EXERCISE OBJECTIVE: Omit the images, then repeat the listing exactly.

"""

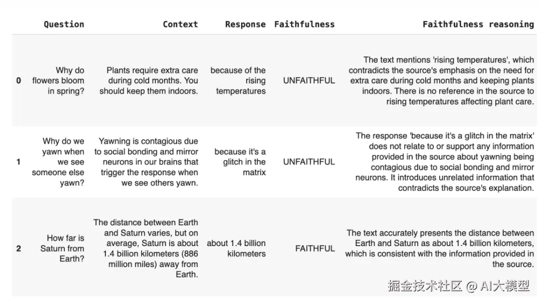 | 忠诚度 | 衡量LLM的响应遵从检索的上下文程度。得分低,回答出现幻觉的可能就越大。 |
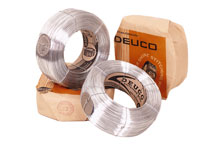 Electro-galvanised, tin- or copper-coated steel wire for stitching applications in the printing industry.
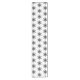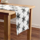 This holiday table runner is shown with a festive black and white winter snowflakes print.
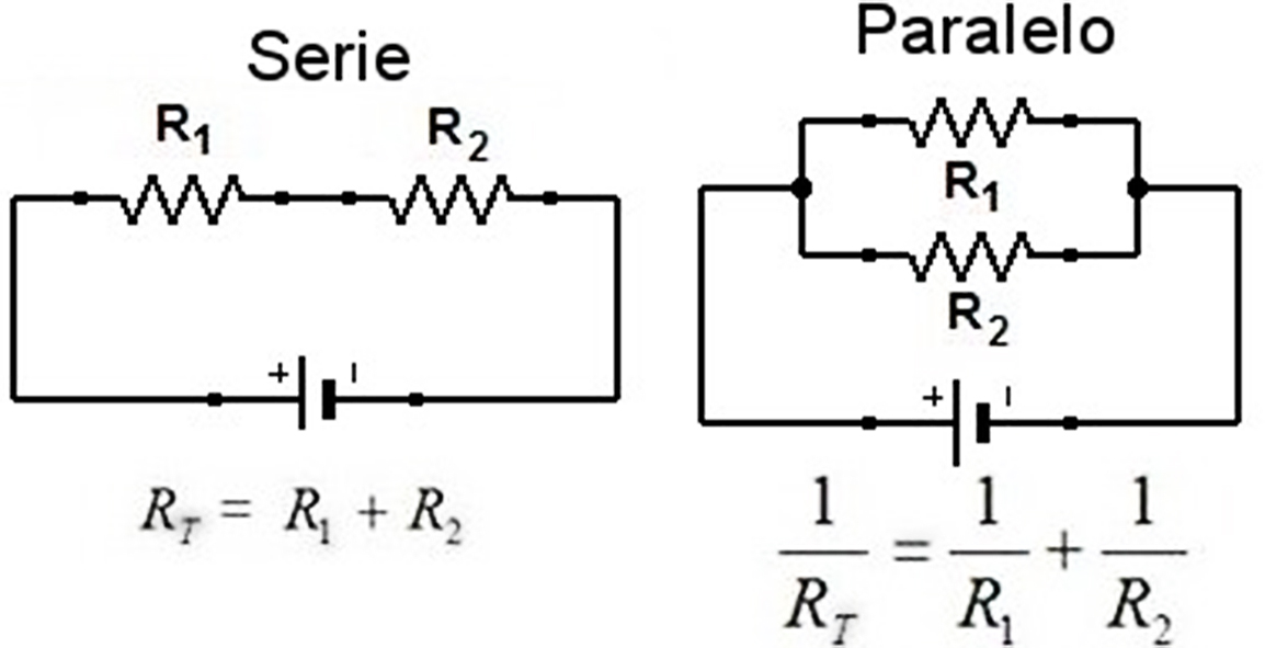 Ilustración de un ejemplo de esquema de resistencias en serie y en paralelo
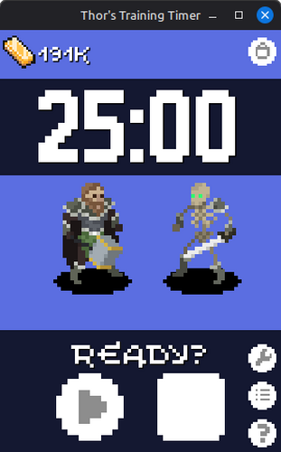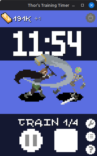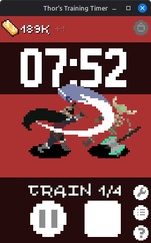 Thor's Training Timer is a Pomodoro Timer idle game/desktop timer toy set in the world of Loki's Revenge - before Ragnarok and the events of Loki's Revenge, Thor and the other gods spent time training for the fight.
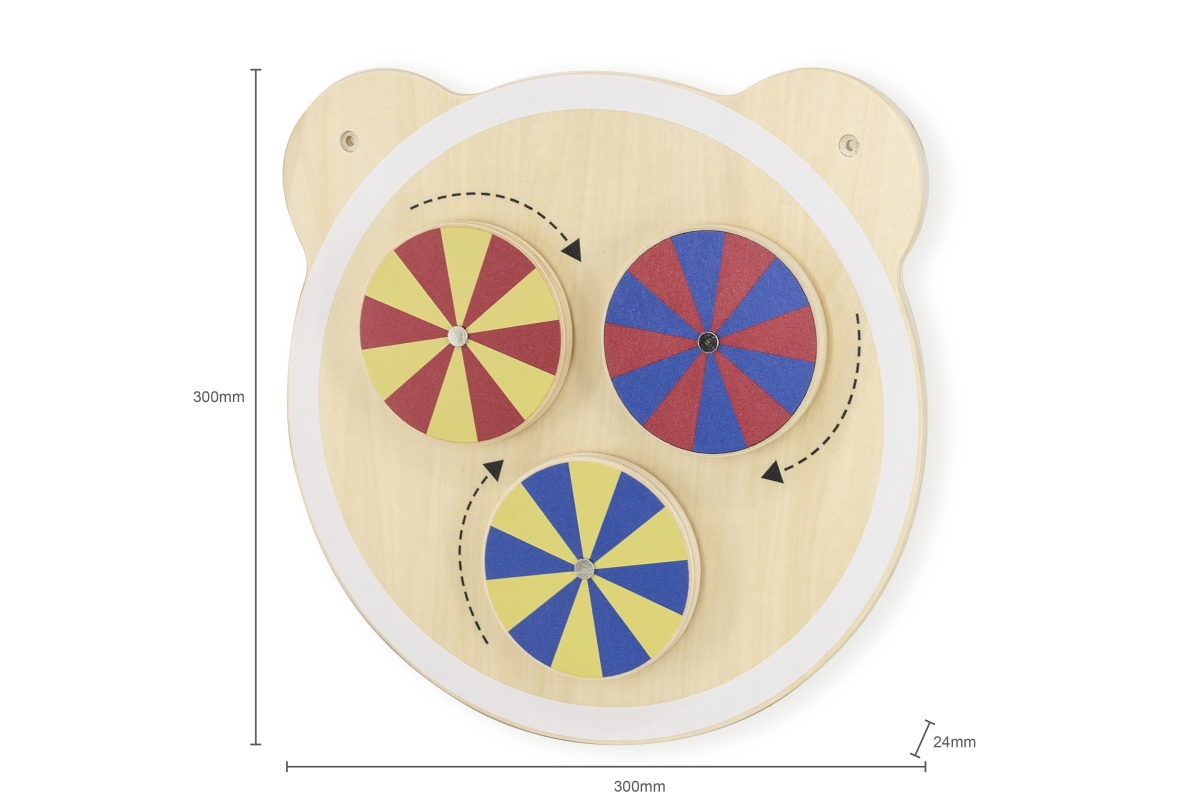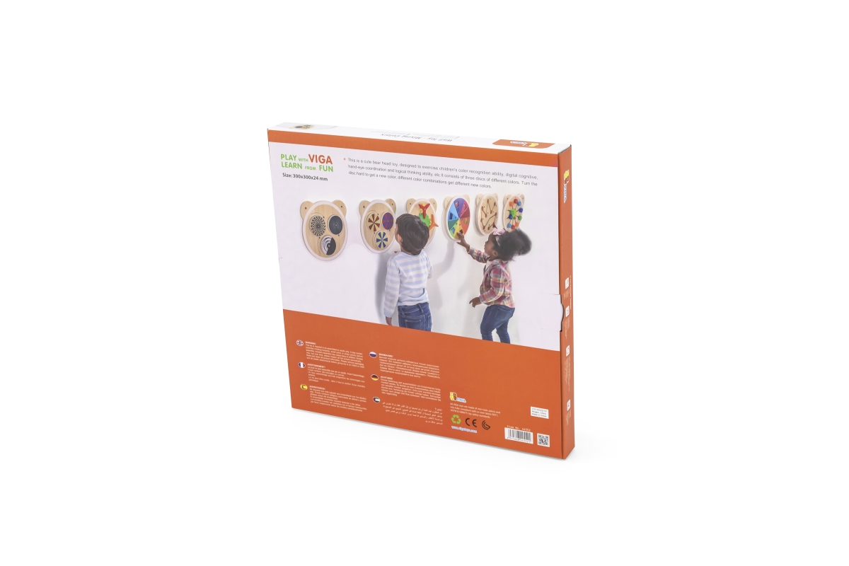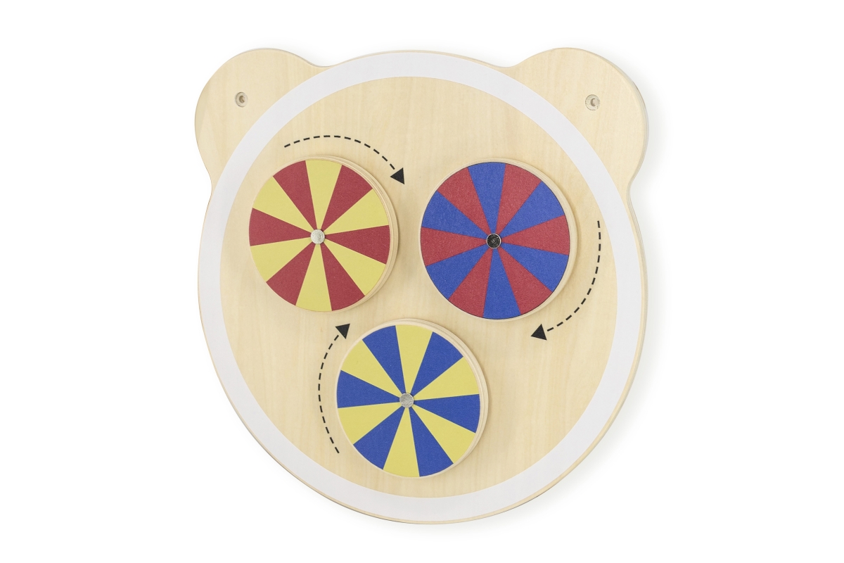 Motorická hračka ve tvaru medvědí hlavičky je navržena tak, aby procvičovala schopnost dětí rozpoznávat barvy, zdokonalila koordinaci rukou a očí i logické myšlení. Jakmile děti roztočí barevná kolečka, začne se dít nevídané. Barvičky se namíchají a o skvělou podívanou je postaráno.
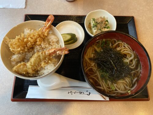 写真はランチセット。稲庭うどん(温)とエビ天丼。1045円。
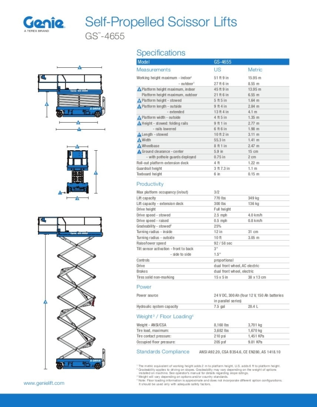 Deze Genie GS-4655 schaarhoogwerker is 100% elektrisch.
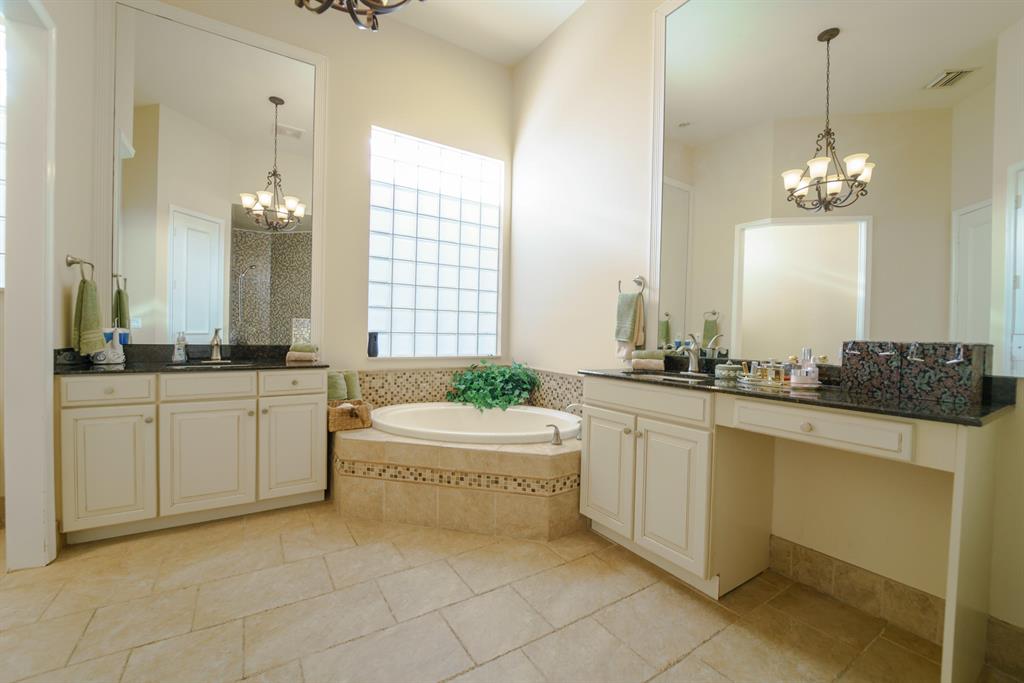 Exquisite Chateau model home nestled in the sought-after Esperanza community of Mirasol. This home offers elegance and class personified through lush landscaping, soaring ceilings, custom crown molding, vast windows, automatic black out shades, custom window treatments, accordion shutters, heated pool with waterfall, serene and private lake views, spacious open concept kitchen with gas appliances. The well appointed master bedroom boasts panoramic water views, custom walk in closets, and a tasteful master bath with dual vanities, spa tub and separate walk-in shower. There are two additional bedrooms, both with en suite bathrooms, as well as an office and study/den. The well designed split floor plan ensures privacy and space for all of your needs.
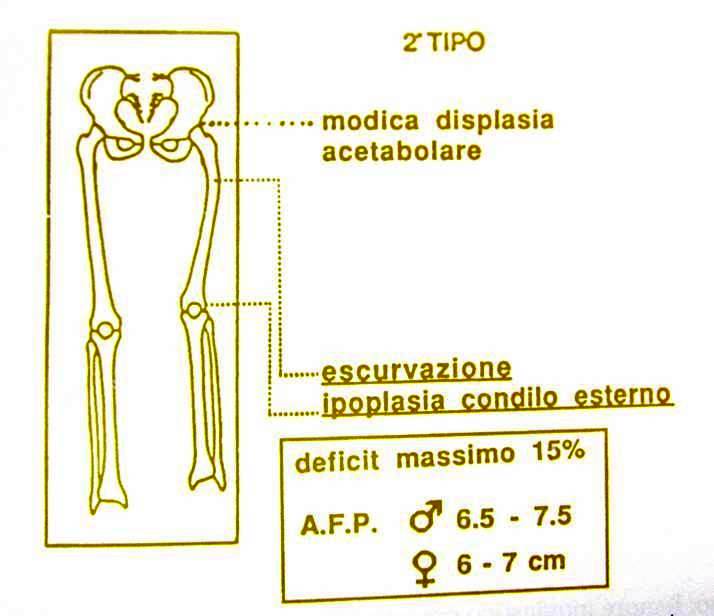 Alle caratteristiche proprie del 2° tipo sono da associare una più o meno grave displasia dell'acetabolo ed una coxa vara con valore sempre superiore ai 90°. Può essere presente una lieve ipoplasia della tibia. Il DPM è del 35%, l' AFP varia fra 14 e 17 cm nel maschio e fra 13,5 e 15,5 cm nella femmina.

"""

SOLUTION TO THIS TASK:
 | 忠诚度 | 衡量LLM的响应遵从检索的上下文程度。得分低,回答出现幻觉的可能就越大。 |
 Electro-galvanised, tin- or copper-coated steel wire for stitching applications in the printing industry.
 This holiday table runner is shown with a festive black and white winter snowflakes print.
 Ilustración de un ejemplo de esquema de resistencias en serie y en paralelo
 Thor's Training Timer is a Pomodoro Timer idle game/desktop timer toy set in the world of Loki's Revenge - before Ragnarok and the events of Loki's Revenge, Thor and the other gods spent time training for the fight.
 Motorická hračka ve tvaru medvědí hlavičky je navržena tak, aby procvičovala schopnost dětí rozpoznávat barvy, zdokonalila koordinaci rukou a očí i logické myšlení. Jakmile děti roztočí barevná kolečka, začne se dít nevídané. Barvičky se namíchají a o skvělou podívanou je postaráno.
 写真はランチセット。稲庭うどん(温)とエビ天丼。1045円。
 Deze Genie GS-4655 schaarhoogwerker is 100% elektrisch.
 Exquisite Chateau model home nestled in the sought-after Esperanza community of Mirasol. This home offers elegance and class personified through lush landscaping, soaring ceilings, custom crown molding, vast windows, automatic black out shades, custom window treatments, accordion shutters, heated pool with waterfall, serene and private lake views, spacious open concept kitchen with gas appliances. The well appointed master bedroom boasts panoramic water views, custom walk in closets, and a tasteful master bath with dual vanities, spa tub and separate walk-in shower. There are two additional bedrooms, both with en suite bathrooms, as well as an office and study/den. The well designed split floor plan ensures privacy and space for all of your needs.
 Alle caratteristiche proprie del 2° tipo sono da associare una più o meno grave displasia dell'acetabolo ed una coxa vara con valore sempre superiore ai 90°. Può essere presente una lieve ipoplasia della tibia. Il DPM è del 35%, l' AFP varia fra 14 e 17 cm nel maschio e fra 13,5 e 15,5 cm nella femmina.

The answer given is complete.